TT3D: Leveraging precomputed protein 3D sequence models to predict protein–protein interactions

Samuel Sledzieski 1,2, Kapil Devkota 2,2, Rohit Singh 3,4, Lenore Cowen 5,, Bonnie Berger 6,7,
Editor: Arne Elofsson
PMCID: PMC10640393  PMID: 37897686

Abstract

Motivation

High-quality computational structural models are now precomputed and available for nearly every protein in UniProt. However, the best way to leverage these models to predict which pairs of proteins interact in a high-throughput manner is not immediately clear. The recent Foldseek method of van Kempen et al. encodes the structural information of distances and angles along the protein backbone into a linear string of the same length as the protein string, using tokens from a 21-letter discretized structural alphabet (3Di).

Results

We show that using both the amino acid sequence and the 3Di sequence generated by Foldseek as inputs to our recent deep-learning method, Topsy-Turvy, substantially improves the performance of predicting protein–protein interactions cross-species. Thus TT3D (Topsy-Turvy 3D) presents a way to reuse all the computational effort going into producing high-quality structural models from sequence, while being sufficiently lightweight so that high-quality binary protein–protein interaction predictions across all protein pairs can be made genome-wide.

Availability and Implementation

TT3D is available at https://github.com/samsledje/D-SCRIPT. An archived version of the code at time of submission can be found at https://zenodo.org/records/10037674.

1 Introduction

Experimental protein–protein interaction (PPI) data remain sparse in most model organisms and even more so in other species.
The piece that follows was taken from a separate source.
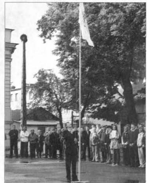
Торжественное поднятие флага СПб ГУФК им. П.Ф.Лесгафта

Recent deep learning methods that predict PPIs solely from sequence seek to address this limitation. In prior work, we introduced D-SCRIPT (Sledzieski et al. 2021) and Topsy-Turvy (Singh et al. 2022), two deep learning methods that rapidly predict whether two proteins will physically bind in the cell using only protein sequence information. We call these methods lightweight deep-learning methods, since they are computationally efficient enough to be run genome-wide. These methods can be contrasted with classical PPI docking methods (Porter et al. 2019) that require different inputs (namely the 3D structures of the proteins), and also produce different outputs (in addition to predicting if the proteins bind, they also model how they bind).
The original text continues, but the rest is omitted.